Emily Dickinson recently submitted a poem to publisher, Samuel Bowles, in hopes that it would appear in his newspaper. The anxiety from waiting for a response began to affect her creative process and she came down with a bout of writer’s block. In order to get out of her rut, she turned to fellow artist and landscaping architect, Frederick Law Olmstead, for some advice and inspiration. At the very end, she learns Bowles will publish her work.
[Slight Spoilers Ahead!]
Sue is holding another of her renowned high society parties and Emily is anticipating her upcoming fame from being published by practicing greeting her fans in the mirror. What’s odd is that she also imagines that Samuel is with her giving her a pep talk. At the event, she meets up with Bowles and the pair schmooze with the other guests. However, Emily catches wind of the gossip of how her friend uses the idea of being published to sleep with numerous aspiring women writers. This causes her to put her guard up but doesn’t prevent her from having fantasies.
The other Dickinson siblings have problems of their own. The newly engaged Lavinia is already dreading a boring married life and decides to introduce some The Scarlet Letter roleplay with her fiancée to spice things up.
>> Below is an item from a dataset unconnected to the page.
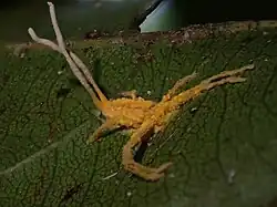| The sample that Acremonium isabellae was isolated from. It is a spider being consumed by a different fungi to Acremonium isabellae, under a leaf at Rowlands Creek in NSW. | |

Austin’s adoption of the Newman sisters still irks Sue and she treats her new step children with contempt forcing her husband to reveal how they are paying for her lavish lifestyle. At least Austin can feel he’s making some sort of difference by helping fund Henry’s underground newspaper and purchasing him a new printing press.
After Finn Jones’ character was introduced, it seemed inevitable that a romantic angle would be played between him and Emily. There was Bowles early fawning over the poet’s talent and tendency to be overly touchy feely when with her, not to mention the on-screen chemistry between Jones and Steinfeld. The sketchy rumors about his intentions put their relationship in a different light and bring a whole creepy context to it.
Samuel can be charming and smooth as he hypes up Emily. The bit about her rightful place between the modern master, Charles Dickens, and the enlightened, Denis Diderot, would have even wooed me. Despite her reservations, all his game seems to be working since she’s having carnal thoughts about him. It’s fitting that the episode’s title is “Forbidden Fruit a flavor has” as the famous Dickinson has unseemly thoughts about her married friend.
The abolitionist movement storyline is developing nicely this season with Henry creating his own newspaper. The series find ways to incorporate it with the other characters so it doesn’t feel out of place like when Emily needed advice from a fellow writer or in this case, Austin purchasing the printing press. There are some interesting perspectives as Henry and Betty’s work is contrasted to former slave showman, Henry “Box” Brown. Though it still needs to be played out, this subplot is a clever way to address modern social issues with the backdrop of a period piece.
“Forbidden Fruit a flavor Has” provides a glimpse at the price of fame as she wrestles with gossip and her feelings for Samuel Bowles.
New episodes of Dickinson are released Fridays on Apple TV+.